Data below:
*** Block opens ***

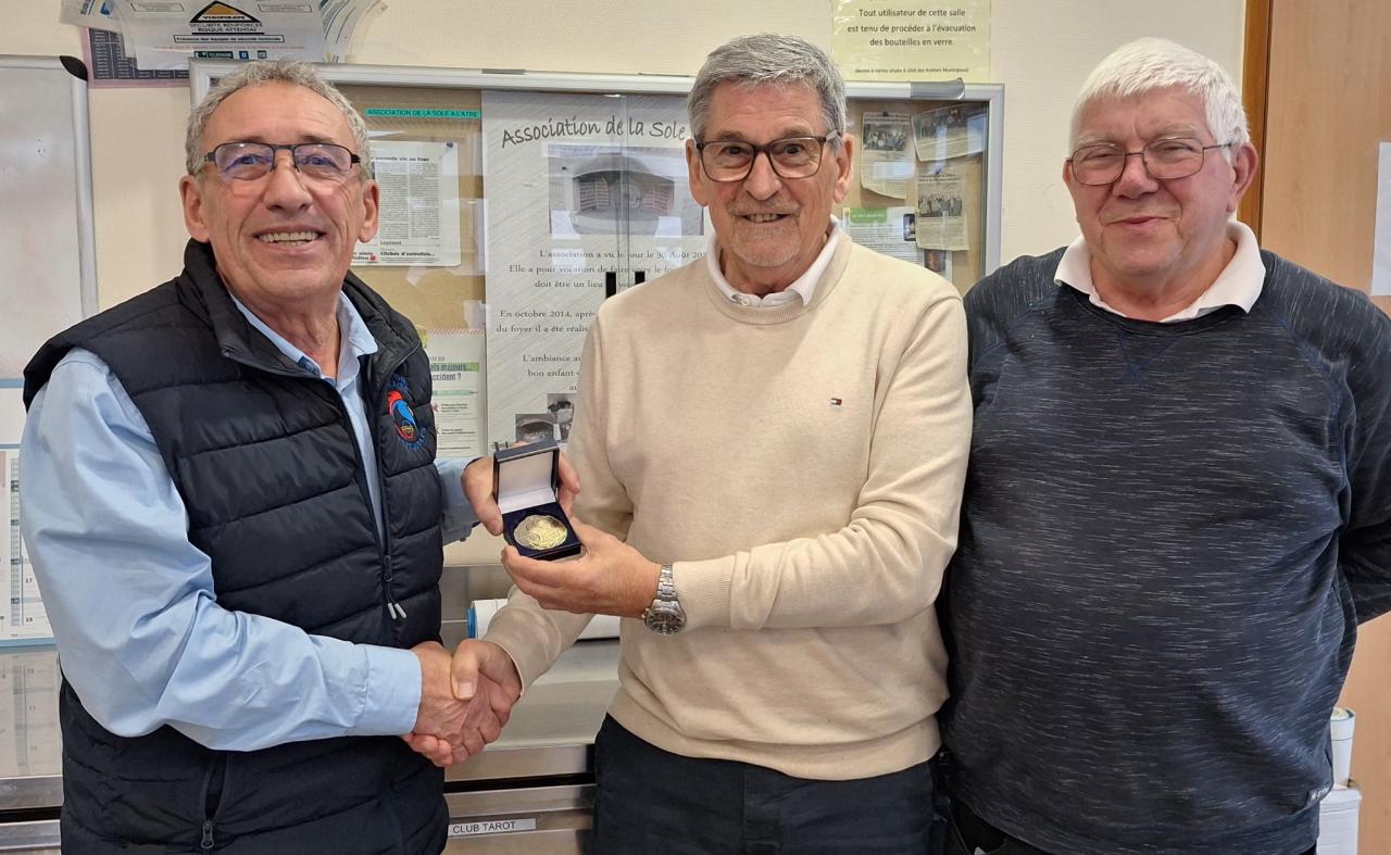 En fin de réunion le Président Daubard remettait, à la demande de la ligue AURA, la médaille d’Or de la fédération à Yves Grobet pour ses nombreuses années de bénévolat au service des boules.
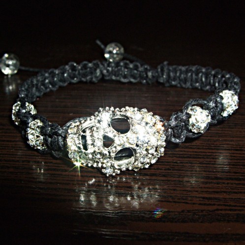 Материал — вощеный шнур, металлические бусины со стразами.
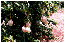 This is a sweet, firm-fleshed mango with a dark red blush. It’s in season from January to March.
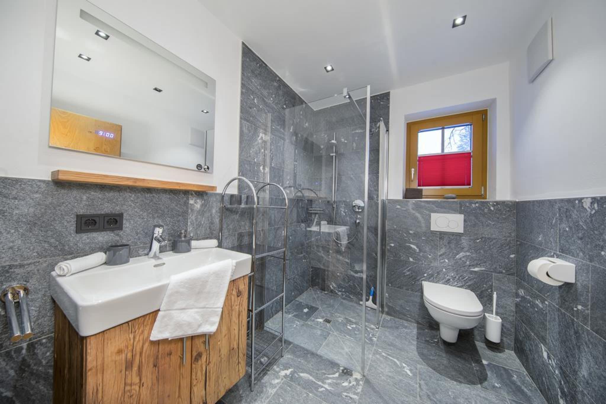 På en helt særlig beliggenhed, sydvest for det berømte Neukirchen am Großvenediger, omgivet af frisk bjergluft, grønne enge og smukke snehvide skråninger, ligger dette smukke, luksuriøse chalet bygget på den solrige skråning af Rossberg. Det smukke chalet er bygget med karakter. Den generøse brug af træ, karakteristiske detaljer, en perfekt finish kombineret med brugen af materialer af høj kvalitet gør huset yderst komfortabelt og luksuriøst. Du føler dig hjemme fra første øjeblik. Dit chalet, hvor I er de eneste gæster, har 3 etager. En af disse etager er opholdsstuen, som tilbyder en fantastisk udsigt gennem de store vinduer. Udover en opholds- og spisestue med hyggelig brændeovn er der også et moderne, åbent køkken udstyret med alt moderne udstyr. Soveværelserne, som er fordelt på etagerne, er meget stemningsfulde og har møbler af høj kvalitet. Du har også din egen private sauna. Du kan parkere din bil (eller to biler) på de delvist overdækkede parkeringspladser, afhængigt af tilgængelighed. Der er flere hytter i umiddelbar nærhed, hvilket skaber en slags landsby. Der er en centralt beliggende skiudlejning og skiskole. Derudover er der en "Imbiss" med en lille menu til en snack eller drikkevare. Kan du lide frisk brød hver dag? Intet problem, du kan bestille dette i receptionen. Skiliften med øvelsesbakke ligger i gåafstand fra hytten, perfekt til familier med små børn eller begyndere. Øvede skiløbere kan bringes til liften i det smukke skiområde Wildkogel Arena med den gratis skibus. På grund af beliggenheden lige ved pisterne kan du stå på ski tilbage til din hytte, når der er masser af sne. Vil du have noget anderledes? Skiområderne Zillertal Arena eller Kitzbühel / Kirchberg ligger begge kun få minutter i bil. Om sommeren tilbyder de omkringliggende bjerge og mange attraktioner i umiddelbar nærhed masser af muligheder for den aktive feriegæst eller dem, der søger fred og ro. I perioden fra maj til oktober modtager du som gæst Nationalpark Sommercard med gratis adgang til lifter, swimmingpools, aktiviteter, offentlig transport og meget mere. Kan varmt anbefales! Et lager af brænde er inkluderet i prisen.

*** Block closes ***

Exercise details:
Output the complete listing exactly. Pictures stay out.

Task answer:
 En fin de réunion le Président Daubard remettait, à la demande de la ligue AURA, la médaille d’Or de la fédération à Yves Grobet pour ses nombreuses années de bénévolat au service des boules.
 Материал — вощеный шнур, металлические бусины со стразами.
 This is a sweet, firm-fleshed mango with a dark red blush. It’s in season from January to March.
 På en helt særlig beliggenhed, sydvest for det berømte Neukirchen am Großvenediger, omgivet af frisk bjergluft, grønne enge og smukke snehvide skråninger, ligger dette smukke, luksuriøse chalet bygget på den solrige skråning af Rossberg. Det smukke chalet er bygget med karakter. Den generøse brug af træ, karakteristiske detaljer, en perfekt finish kombineret med brugen af materialer af høj kvalitet gør huset yderst komfortabelt og luksuriøst. Du føler dig hjemme fra første øjeblik. Dit chalet, hvor I er de eneste gæster, har 3 etager. En af disse etager er opholdsstuen, som tilbyder en fantastisk udsigt gennem de store vinduer. Udover en opholds- og spisestue med hyggelig brændeovn er der også et moderne, åbent køkken udstyret med alt moderne udstyr. Soveværelserne, som er fordelt på etagerne, er meget stemningsfulde og har møbler af høj kvalitet. Du har også din egen private sauna. Du kan parkere din bil (eller to biler) på de delvist overdækkede parkeringspladser, afhængigt af tilgængelighed. Der er flere hytter i umiddelbar nærhed, hvilket skaber en slags landsby. Der er en centralt beliggende skiudlejning og skiskole. Derudover er der en "Imbiss" med en lille menu til en snack eller drikkevare. Kan du lide frisk brød hver dag? Intet problem, du kan bestille dette i receptionen. Skiliften med øvelsesbakke ligger i gåafstand fra hytten, perfekt til familier med små børn eller begyndere. Øvede skiløbere kan bringes til liften i det smukke skiområde Wildkogel Arena med den gratis skibus. På grund af beliggenheden lige ved pisterne kan du stå på ski tilbage til din hytte, når der er masser af sne. Vil du have noget anderledes? Skiområderne Zillertal Arena eller Kitzbühel / Kirchberg ligger begge kun få minutter i bil. Om sommeren tilbyder de omkringliggende bjerge og mange attraktioner i umiddelbar nærhed masser af muligheder for den aktive feriegæst eller dem, der søger fred og ro. I perioden fra maj til oktober modtager du som gæst Nationalpark Sommercard med gratis adgang til lifter, swimmingpools, aktiviteter, offentlig transport og meget mere. Kan varmt anbefales! Et lager af brænde er inkluderet i prisen.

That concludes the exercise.